Senate Bill 50, a California bill that modifies the Electronic Waste Recycling Act of 2003, was signed into law by Gov. Arnold Schwarzenegger Wednesday night, according to a spokesman for State Sen. Byron Sher (D-Stanford), the bill's author. A spokesman for the California Waste Management Board also confirmed the bill's passage.

In addition, Schwarzenegger also signed Assembly Bill 2901, a bill co-authored by Assemblywomen Fran Pavley (D-Santa Monica) and Christine Kehoe (D-San Diego), which mandates the establishment of a no-cost collection, reuse and recycling system for proper disposal of used cell phones by July 2006.

The new CRT (cathode ray tube) recycling law, which takes effect Jan. 1, will charge consumers a fee for buying computer monitors or televisions and will pay recyclers to dispose of the displays safely: $6 for a 4-inch to 15-inch screen; $8 for a 15-inch to 35-inch screen, and $10 for screens with a diagonal length of more than 35 inches. In return, recyclers will be paid 28 cents per pound to recycle the CRTs, televisions and displays.

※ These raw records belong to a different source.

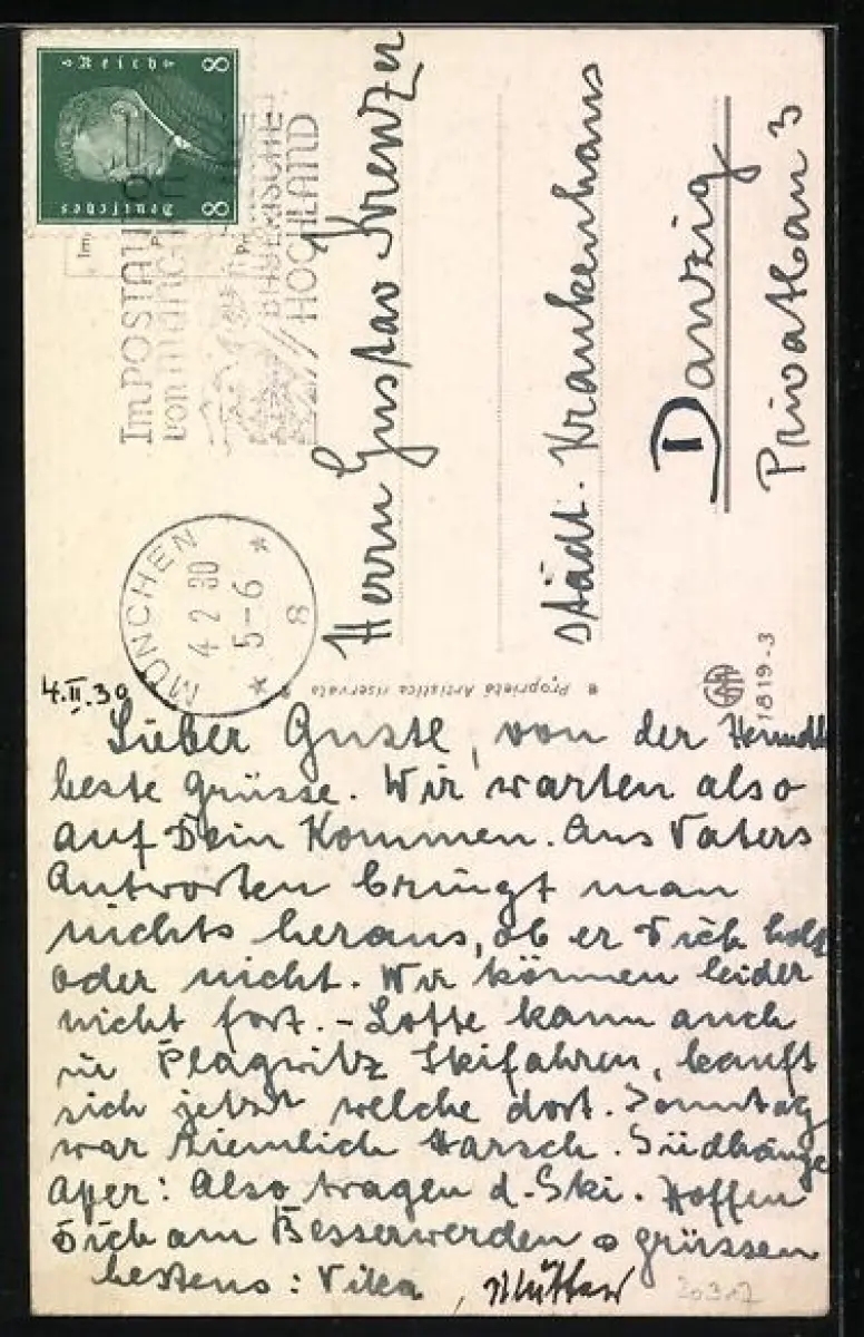 alte Ansichtskarte, gelaufen 1930, Stempelspur, guter Zustand
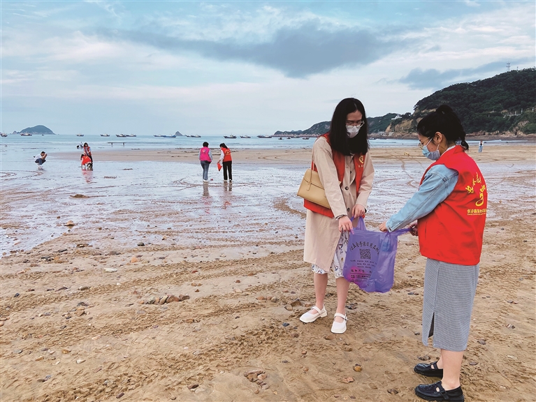 为庆祝中国共产主义青年团成立100周年,5月6日,霞浦县长春镇团委来到高罗沙滩开展五四青年节主题团日活动。在高罗沙滩,志愿者们对沙滩上的垃圾进行清理,并向过往游客宣传环境保护和疫情防控知识,进一步提升海滩环境质量。(闽东日报 阮清音 摄)
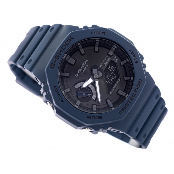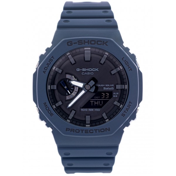 Серія CASIO G-SHOCK GA-B2100-2ARвідома модель з характерним, тонким, восьмикутним конвертом. Однак цього разу він був додатково оснащений Bluetooth і сонячною панеллю з індикатором рівня заряду, який вказується на циферблаті. Світовий час може бути корисним для тих, хто часто подорожує. Цифровий секундомір або таймер, який вимірює запрограмований час до нуля, буде корисним під час тренування. Годинник водонепроникний - 200M, тому йому не страшні водні види спорту. Підсвічування циферблата білим кольором дозволить вам читати значення на цифровому дисплеї в темряві.
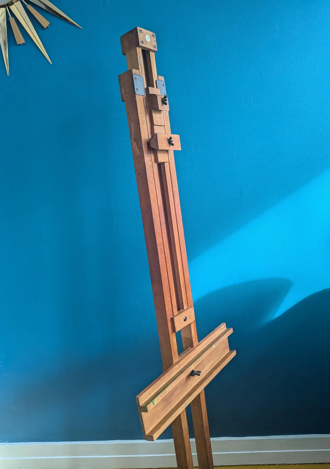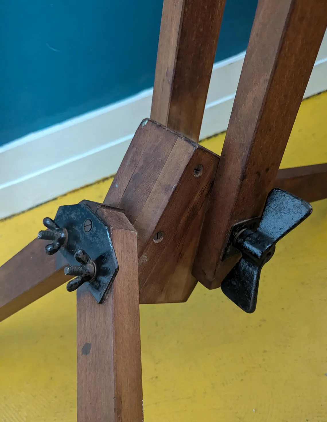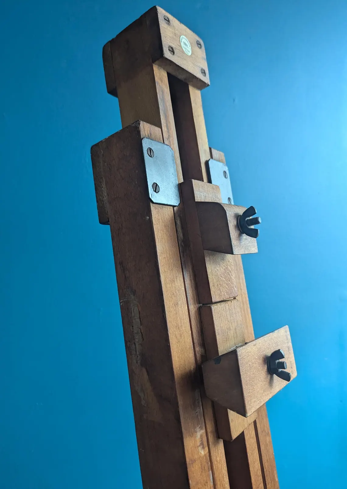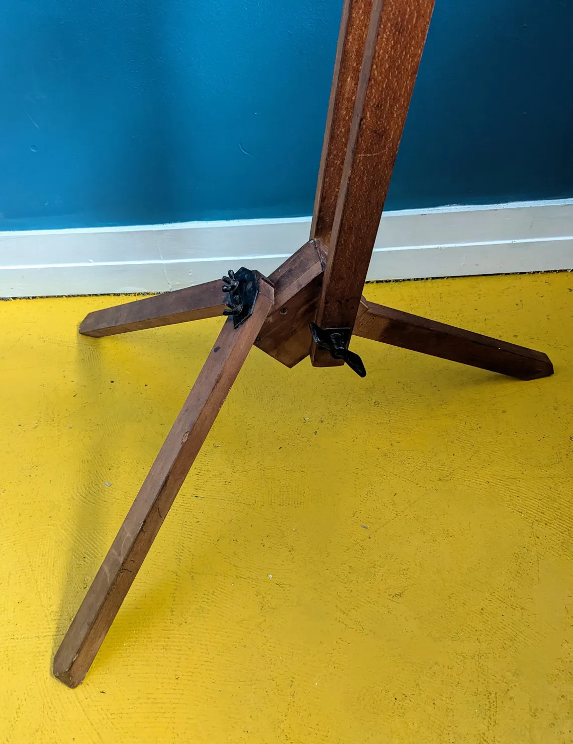 Adjustable to fit a range of picture sizes, the height of the easel ranging from 175cm – 244cm depending on the angle of the legs and height of the upright. The front of the base measures 73cm wide. The angle of the easel is adjusted by a large bow tie shaped screw.
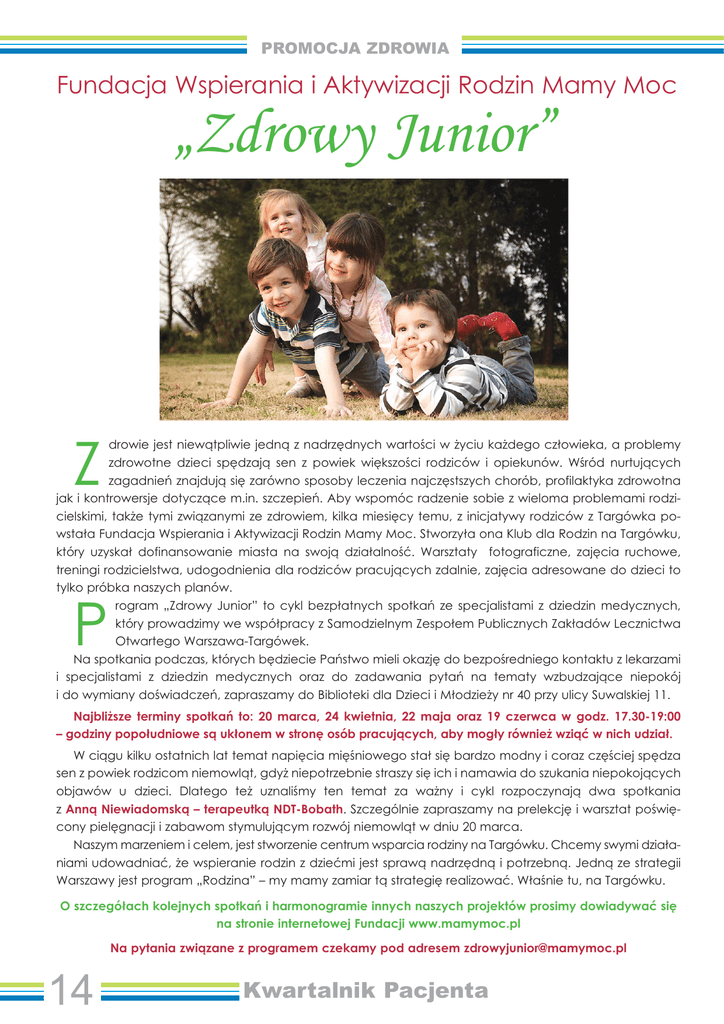 PROMOCJA ZDROWIA Fundacja Wspierania i Aktywizacji Rodzin Mamy Moc „Zdrowy Junior” drowie jest niewątpliwie jedną z nadrzędnych wartości w życiu każdego człowieka, a problemy zdrowotne dzieci spędzają sen z powiek większości rodziców i opiekunów. Wśród nurtujących zagadnień znajdują się zarówno sposoby leczenia najczęstszych chorób, profilaktyka zdrowotna jak i kontrowersje dotyczące m.in. szczepień. Aby wspomóc radzenie sobie z wieloma problemami rodzicielskimi, także tymi związanymi ze zdrowiem, kilka miesięcy temu, z inicjatywy rodziców z Targówka powstała Fundacja Wspierania i Aktywizacji Rodzin Mamy Moc. Stworzyła ona Klub dla Rodzin na Targówku, który uzyskał dofinansowanie miasta na swoją działalność. Warsztaty fotograficzne, zajęcia ruchowe, treningi rodzicielstwa, udogodnienia dla rodziców pracujących zdalnie, zajęcia adresowane do dzieci to tylko próbka naszych planów. rogram „Zdrowy Junior” to cykl bezpłatnych spotkań ze specjalistami z dziedzin medycznych, który prowadzimy we współpracy z Samodzielnym Zespołem Publicznych Zakładów Lecznictwa Otwartego Warszawa-Targówek. Na spotkania podczas, których będziecie Państwo mieli okazję do bezpośredniego kontaktu z lekarzami i specjalistami z dziedzin medycznych oraz do zadawania pytań na tematy wzbudzające niepokój i do wymiany doświadczeń, zapraszamy do Biblioteki dla Dzieci i Młodzieży nr 40 przy ulicy Suwalskiej 11. Z P Najbliższe terminy spotkań to: 20 marca, 24 kwietnia, 22 maja oraz 19 czerwca w godz. 17.30-19:00 – godziny popołudniowe są ukłonem w stronę osób pracujących, aby mogły również wziąć w nich udział. W ciągu kilku ostatnich lat temat napięcia mięśniowego stał się bardzo modny i coraz częściej spędza sen z powiek rodzicom niemowląt, gdyż niepotrzebnie straszy się ich i namawia do szukania niepokojących objawów u dzieci. Dlatego też uznaliśmy ten temat za ważny i cykl rozpoczynają dwa spotkania z Anną Niewiadomską – terapeutką NDT-Bobath. Szczególnie zapraszamy na prelekcję i warsztat poświęcony pielęgnacji i zabawom stymulującym rozwój niemowląt w dniu 20 marca. Naszym marzeniem i celem, jest stworzenie centrum wsparcia rodziny na Targówku. Chcemy swymi działaniami udowadniać, że wspieranie rodzin z dziećmi jest sprawą nadrzędną i potrzebną. Jedną ze strategii Warszawy jest program „Rodzina” – my mamy zamiar tą strategię realizować. Właśnie tu, na Targówku. O szczegółach kolejnych spotkań i harmonogramie innych naszych projektów prosimy dowiadywać się na stronie internetowej Fundacji www.mamymoc.pl Na pytania związane z programem czekamy pod adresem [email protected] 14 Kwartalnik Pacjenta
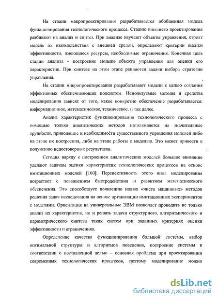 Вне зависимости от разбиения конкретного технологического процесса на подсистемы, при проектировании каждой из них необходимо выполнить внешнее и внутреннее проектирование. Используемые при этом методы и средства моделирования могут существенно отличаться. На стадии макропроектирования разрабатывается обобщенная модель функционирования технологического процесса. Стадию внешнего проектирования разбивают на анализ и синтез. При анализе изучают объекты управления, строят модель их взаимодействия с внешней средой, определяют критерии оценки эффективности, имеющиеся ресурсы, необходимые ограничения. Конечная цель стадии анализа - построение модели объекта управления для оценки его характеристик. При- синтезе на этом этапе решаются задачи выбора стратегии управления.
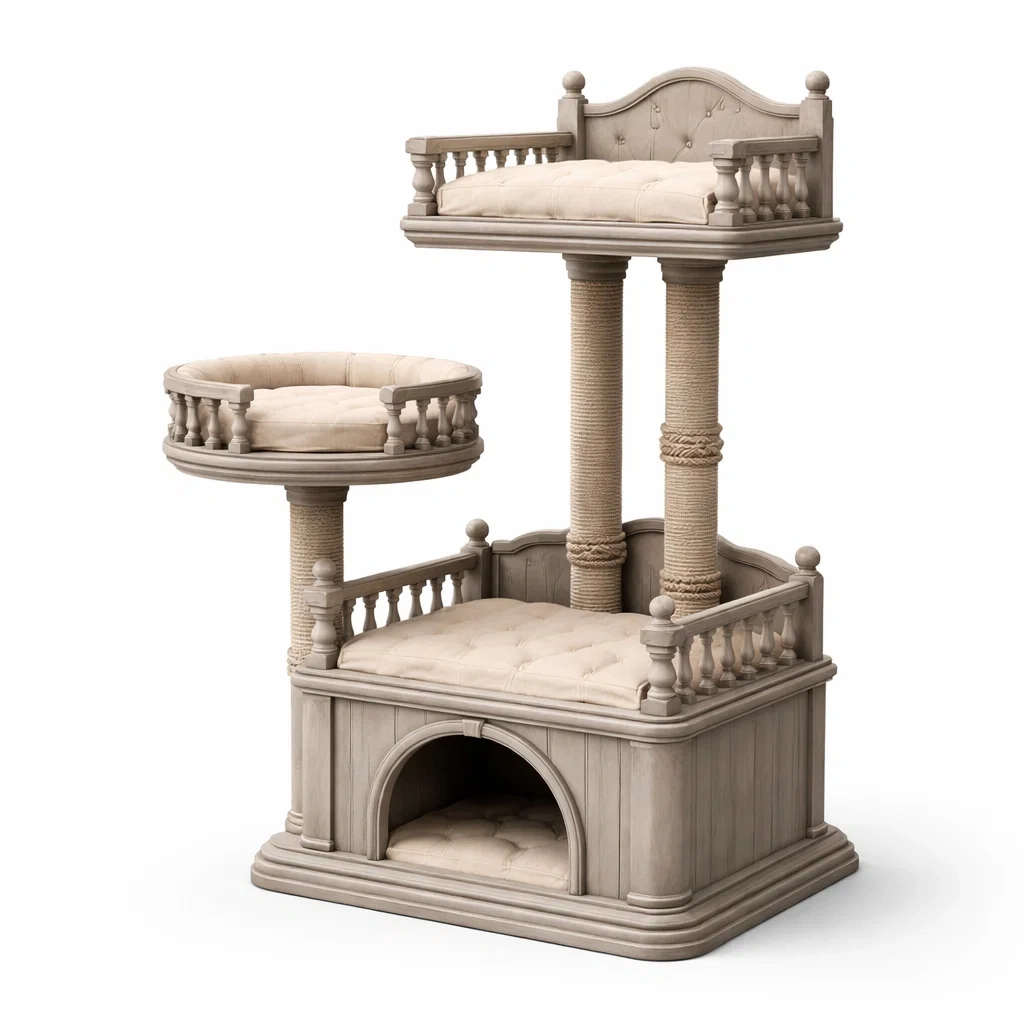 Funktion: Kratzpfosten: 2, Plattformen: 3, inklusive oberer Rückzugsort und mittlerer runder Plattform, Versteck: Integrierter Schlafbereich

The two laws promise to save California IT administrators money. With the state funding, recyclers essentially will be able to pick up CRTs and cell phones from companies and consumers and dispose of them essentially for free, using the state money to offset the recycling costs.

Regarding her cell-phone legislation, Assemblywoman Pavley said only about 5 percent of consumers recycle their cell phones, and most don't realize that they contain hazardous materials. The cell-phone bill will require retailers to provide containers or other methods to recycle mobile phones.

"We've made it easy on the consumer, easy on the store owner and easy on third-party recycling companies," Pavley said in an interview, praising the governor for his stance on the environment. "We've also potentially created some new jobs, so it's a win-win-win."

But analysts said the new CRT law will add yet another layer of certification and regulation to PC makers, which ship a single product into multinational regions, each with their own set of restrictions. It's also not clear how the surcharge will be enforced on out-of-state or international vendors shipping directly to consumers.

"Our customers are going to be happy customers," said Tom Hogye, vice president and general manager at United Datatech Distributors of Santa Clara, Calif., which owns ECS Recycling. "They're going to have an opportunity to retire CRT devices in California essentially for free."

Recycling a PC has become a multimillion-dollar business, prompted by the secondary market of third-world companies that are able to take an "obsolete" PC in the United States and turn it into a functional product.

Those PCs and CRTs deemed too old or too broken for resale are mined for components, then scrapped and disposed of. PCs faster than 266 MHz are resold, according to a representative at recycler Gold Circuit Inc., based in Chandler, Ariz. But he said the demand for CRTs is decreasing as businesses shift to flat panels, meaning more CRTs are being scrapped.

The leaded glass that can make up of almost half of a CRT's weight, however, is considered to be hazardous waste and must be disposed of according to certain regulations. While a small number of domestic CRT recyclers have purchased the crushers and smelters necessary to break down the glass for disposal, environmentalists point to the growing number of facilities that simply separate out the leaded glass and ship it overseas to lower-cost facilities. Such transportation is forbidden under the international Basel Convention, which the United States has never signed.